Ahli Biomolekuler: Pemerintah Jangan Remehkan Varian Baru Corona B117
Baru 3.098.025 orang yang divaksinasi di Indonesia
Follow IDN Times untuk mendapatkan informasi terkini. Klik untuk follow WhatsApp Channel & Google News
Jakarta, IDN Times - Ahli biologi dan molekuler, Dr. Ines Atmosukarto mengatakan meski kasus harian COVID-19 di Indonesia mulai turun, bukan berarti pembatasan pergerakan manusia bisa mulai dilonggarkan. Ia menyarankan agar pemerintah tetap berhati-hati. Apalagi varian baru corona yaitu B117 sudah resmi masuk ke Indonesia.
Presiden Joko "Jokowi" Widodo juga pernah menyampaikan berdasarkan data yang ia miliki varian B117 tidak mematikan seperti varian Sars-CoV-2 yang kini mendominasi di Indonesia. Namun, ia mengakui varian B117 memang lebih cepat menular ke orang lain. Dalam pandangan Ines, virus yang juga lebih cepat menular justru mengkhawatirkan.

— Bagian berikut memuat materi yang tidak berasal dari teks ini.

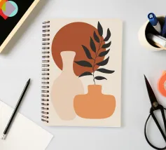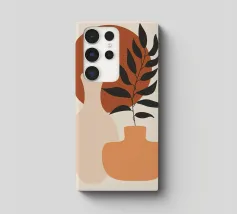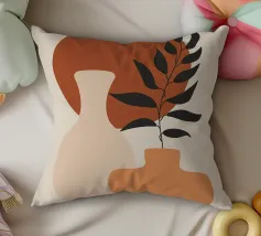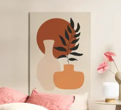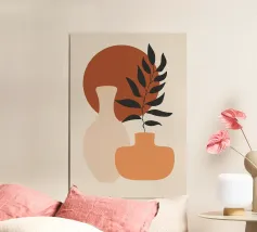 Vase Blätter Pflanze Zweig Töpferei Kreis Geometrische Formen Blume Laub Wohnkultur Scherenschnitt natürliche Elemente botanisch minimalistisches Design Erdtöne organische Formen Innendekoration Inspiration durch die Natur Modernes Dekor Kunstdruck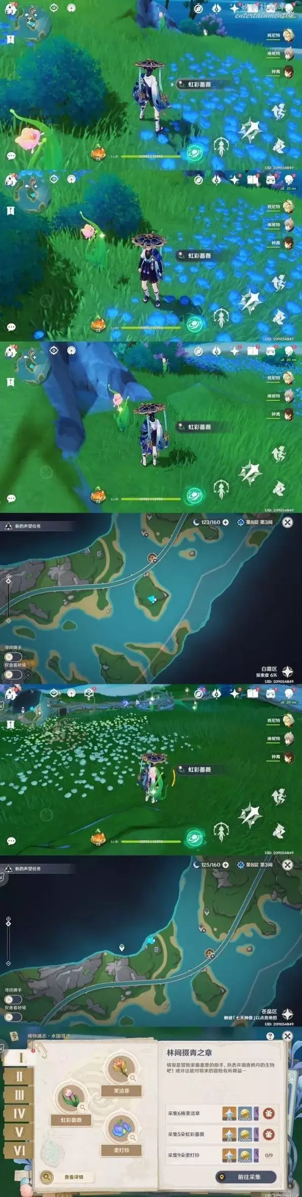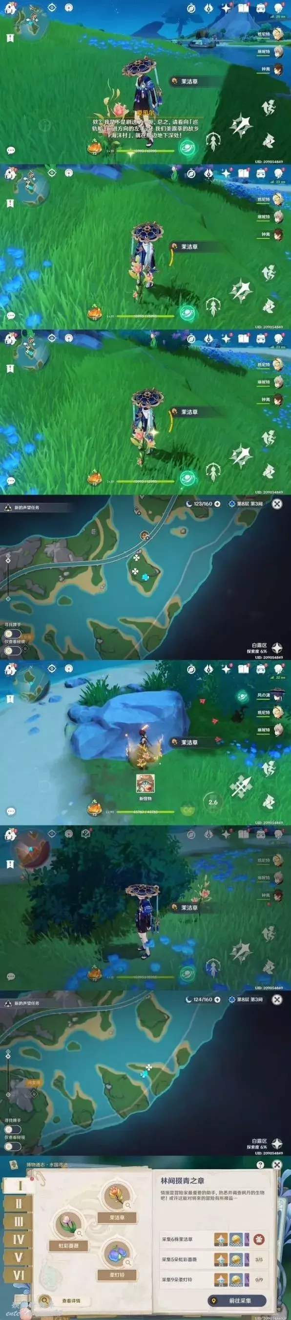 這一章我們要採集這三種植物,在大世界隨便跑跑可能能找到,但是看運氣,所以跟我抄作業吧。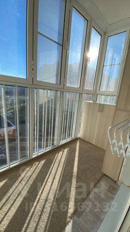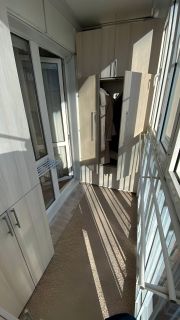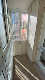 Балкон большой, застеклен до пола, где разместили шкафы и шкафчики. На балконе очень приятно посидеть на пуфике и попить чай. Выход на балкон из кухни.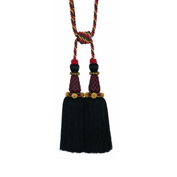 Bergamo Trim Collection Tassel Rope: 20in Tassel Body: 11.5in Overall Size: 21.5in Black, Olive, Red/Orange and Beige/Gold |
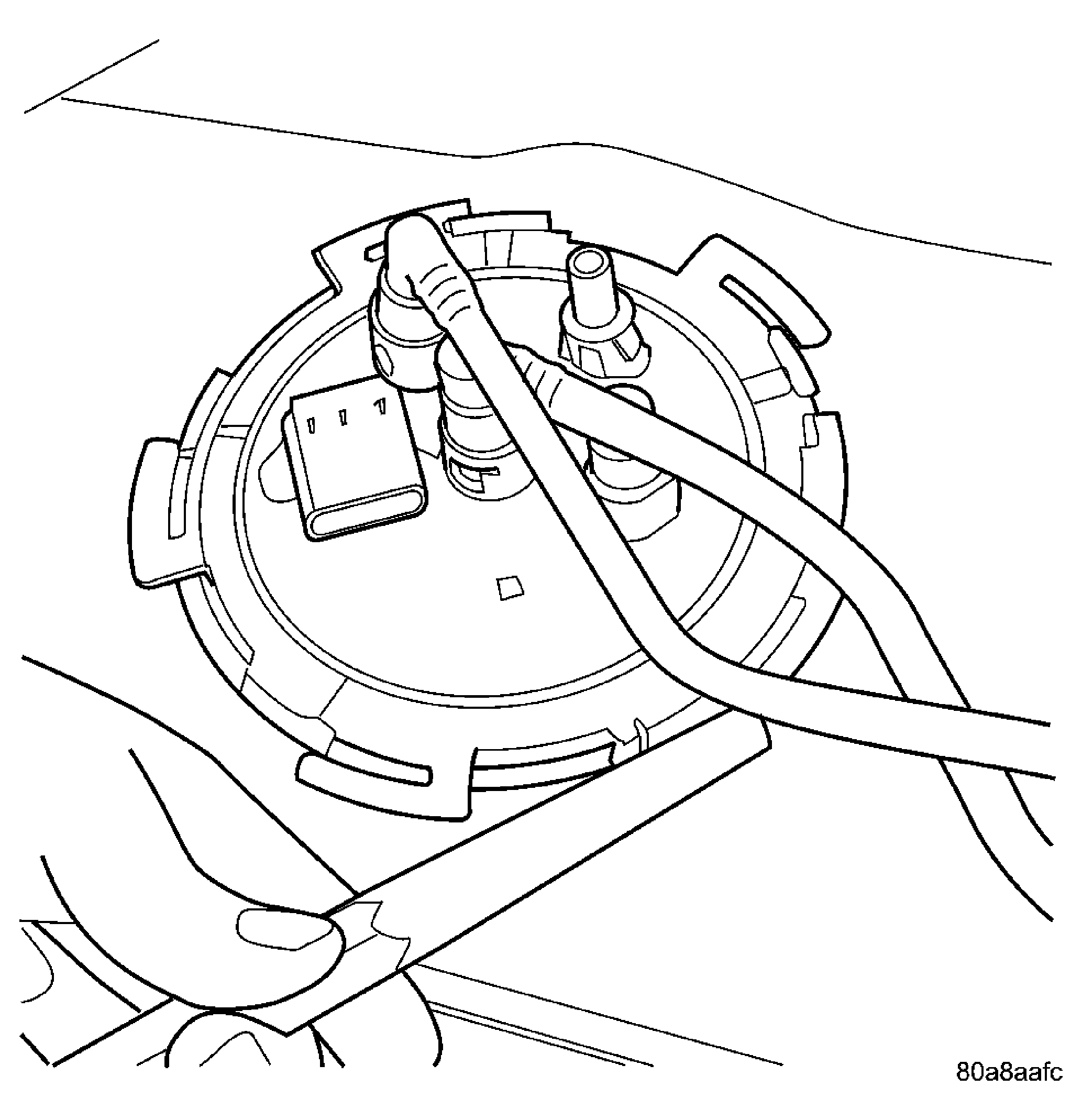 - Disconnect the electrical connection from the fuel pump module, by pushing down on connector retainer and pulling connector off of module.

"Virus yang lebih cepat menular hingga tiga kali artinya kan akan ada tiga kali lebih banyak orang yang akan tertular. Walaupun dia tidak menyebabkan tingkat kesakitan yang lebih besar, tetapi tetap saja yang (berpotensi) masuk rumah sakit tiga kali lebih banyak, karena potensi yang tertular tiga kali lebih banyak," ujar Ines ketika berbincang dengan IDN Times di program "Ngobrol Seru" pada Senin (8/3/2021).

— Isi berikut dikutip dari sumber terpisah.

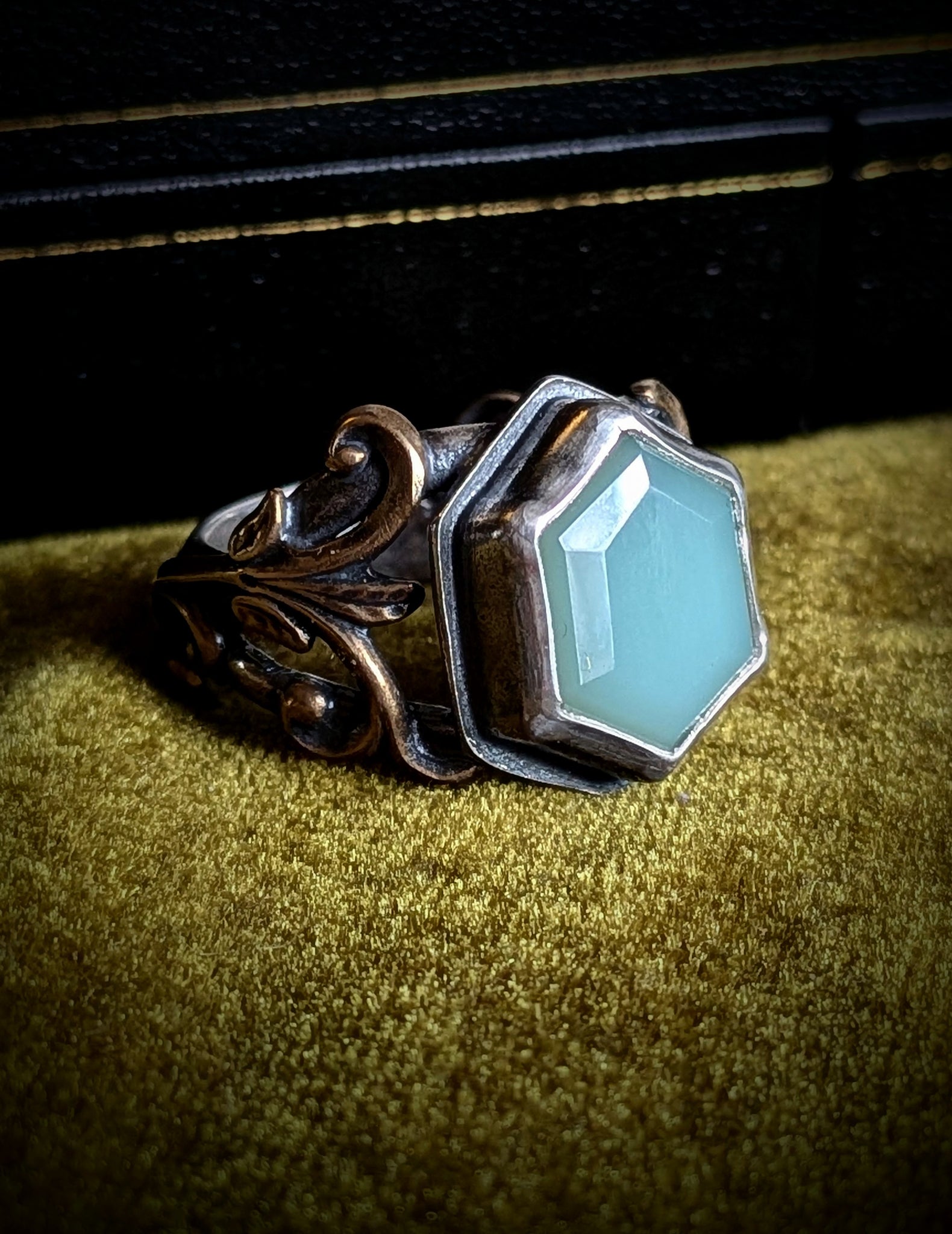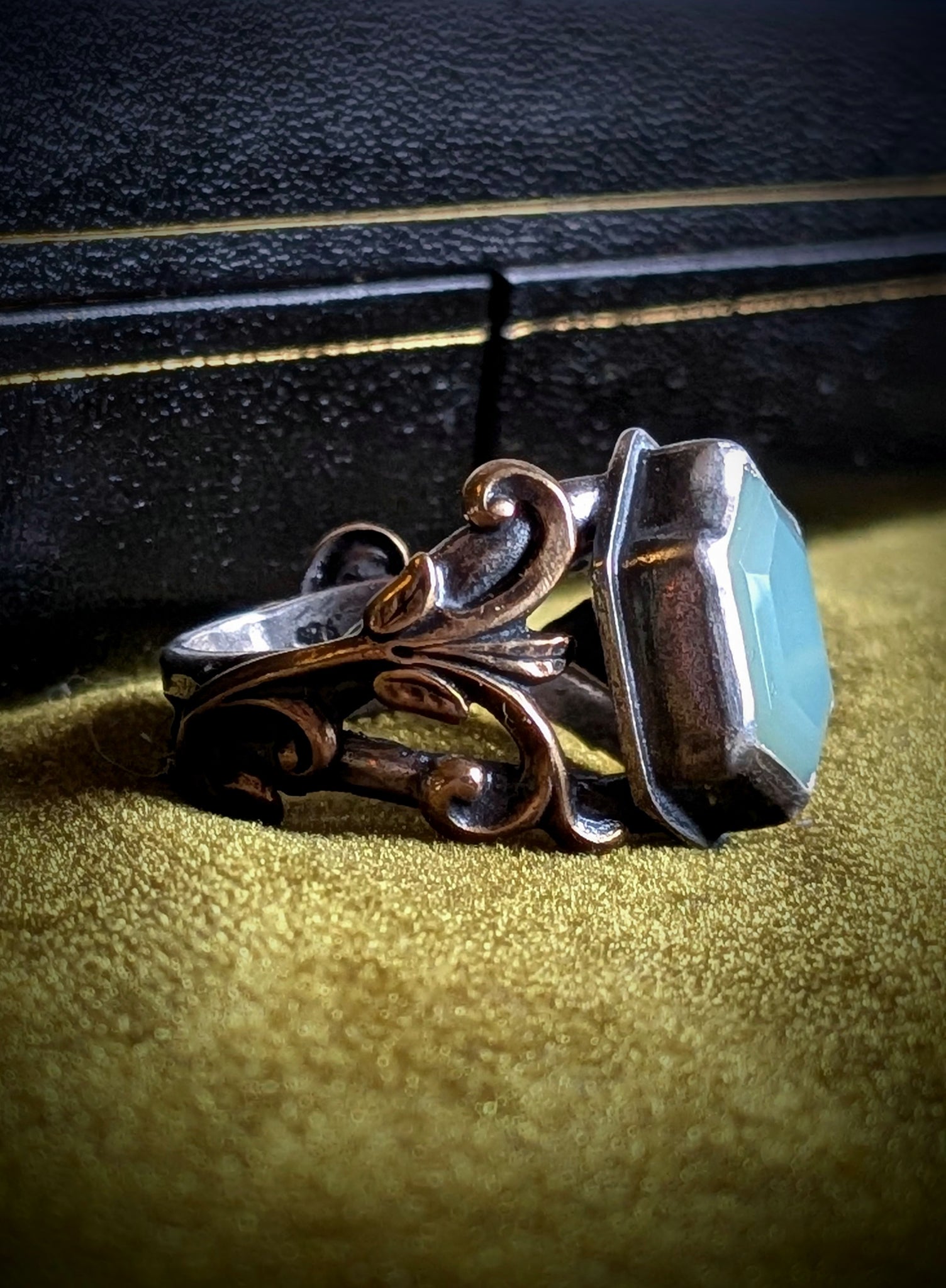 Blue like the sky at daybreak, this aqua chaldedony glows in sterling silver with ornate brass accents. This ring is a size __.

Ia menambahkan pada akhirnya rumah sakit akan kembali terbebani bila banyak warga di Indonesia yang terpapar mutasi baru B117. "Apalagi kan banyak warga di Indonesia yang memiliki penyakit penyerta (komorbid)," katanya lagi.
Ia pun mengajak publik agar tidak lengah meski terlihat kasus harian COVID-19 menurun. Masker tetap harus digunakan walaupun sudah menerima vaksin COVID-19.
Tetapi, apakah vaksin yang sudah masuk ke Indonesia ampuh memberikan perlindungan melawan varian baru B117?
Baca Juga: [BREAKING] Kemenkes Temukan Lagi 4 Kasus Mutasi Virus Corona B117
1. Efikasi vaksin CoronaVac berpotensi lebih rendah menghadapi varian baru B117
Ines mengaku belum melihat data primer yang dimiliki oleh vaksin CoronaVac terhadap varian baru B117. Namun, menurutnya tidak tertutup kemungkinan kurang efektif. Sebab, CoronaVac dibuat dengan menggunakan metode konvensional di mana virus yang dilemahkan adalah virus corona yang beredar pada awal 2020.
"Kalau virus yang digunakan (untuk vaksinasi) sudah terlalu jauh berbeda dengan varian, mungkin saja bisa terjadi penurunan efikasi. Tetapi, efikasi ini tidak akan drop hingga ke angka nol karena untuk vaksin CoronaVac dibuat dari virus yang diinaktivitasi, maka yang digunakan bukan hanya protein S dan menggunakan protein yang lain," ujar perempuan yang memiliki gelar doktor di bidang biomolekuler dan biologi seluler itu.
Dengan begitu, Ines melanjutkan, diharapkan dari vaksin CoronaVac itu bukan hanya terbentuk antibodi tetapi juga respons imun sel T. Sel T, kata Ines berfungsi untuk mendeteksi bila ada sel-sel di dalam tubuh yang telah terinfeksi, maka sel T tersebut yang akan menghilangkan virus corona.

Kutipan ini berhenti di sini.